The lack of clarity and lag in MTTR improvements threaten the bottom line by potentially disrupting the increasingly important digital customer experience, not to mention adding significant cost, risk, and complexity to the software development process.

Defining and applying MTTR
A progressive approach towards MTTR combines comprehensive instrumentation and monitoring, a robust and reliable incident-response process, and a team that understands how and why to use MTTR to maximise application availability and performance.

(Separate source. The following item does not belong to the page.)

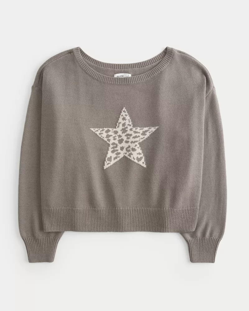 Easy Off-the-Shoulder Star Graphic Sweater

Incident response covers every point in a chain of events that begins with the discovery of an application or infrastructure performance issue and ends with learning as much as possible about how to prevent issues from happening again. A solid strategy for reducing MTTR ensures that teams can continue to improve even as the business and applications scale.
●        Begin by creating a robust incident-management action plan - At the most basic level, teams need a clear escalation policy that explains what to do if something breaks: who to call, how to document what's happening, and how to set things in motion to solve the problem. The fluid approach that many organisations take allows responses to be shaped according to the specific nature of individual incidents, and they involve significant cross-functional collaboration and training to solve problems more efficiently.
●        Define and cross-train roles in the incident-management command structure - While this structure will typically have a centralised point of leadership during incidents and directing the response process, it is important to train the entire team on different roles and functions to maximise the benefits of a fluid model. Cross-training and knowledge transfer enable team members to assume multiple incident-response roles and functions. It avoids situations in which one person is the only source of knowledge for a particular system or technology. If that person goes on vacation or abruptly leaves the organisation, critical systems can turn into black boxes that nobody on the team has the skills or the knowledge to fix.
●        Monitor, monitor, monitor - Getting proper visibility across applications and infrastructure will make or break any incident-response process. New AIOps capabilities enable on-call teams to harness AI and machine learning (ML) capabilities to detect, diagnose, and resolve incidents faster. AIOps uses AI and machine learning to analyse data generated by software systems in order to predict possible problems, determine the root causes, and drive automation to fix them.
●        Document and understand - As organisations develop incident response procedures and establish monitoring and alerting practices, be sure to document everything to create "runbooks" or documentation that tells responders exactly what to do when a specific problem occurs. Part of reducing MTTR involves a strong incident follow-up procedure. This is when the team investigates what happened, figures out how it happened, identifies the triggering event and likely causes, and strategises ways to prevent the problem from cropping up again.

While MTTR is important, it remains one of many metrics for measuring incident response. The key to systematically and efficiently resolving incidents requires putting tools in place that provide a continuous stream of real-time data, coordinating with carefully calibrated alert policies, and then using those tools to support a robust incident-management process. They will also ensure continuous improvement of the organisation's efforts to reduce MTTR and deliver long-term, sustainable gains in application availability.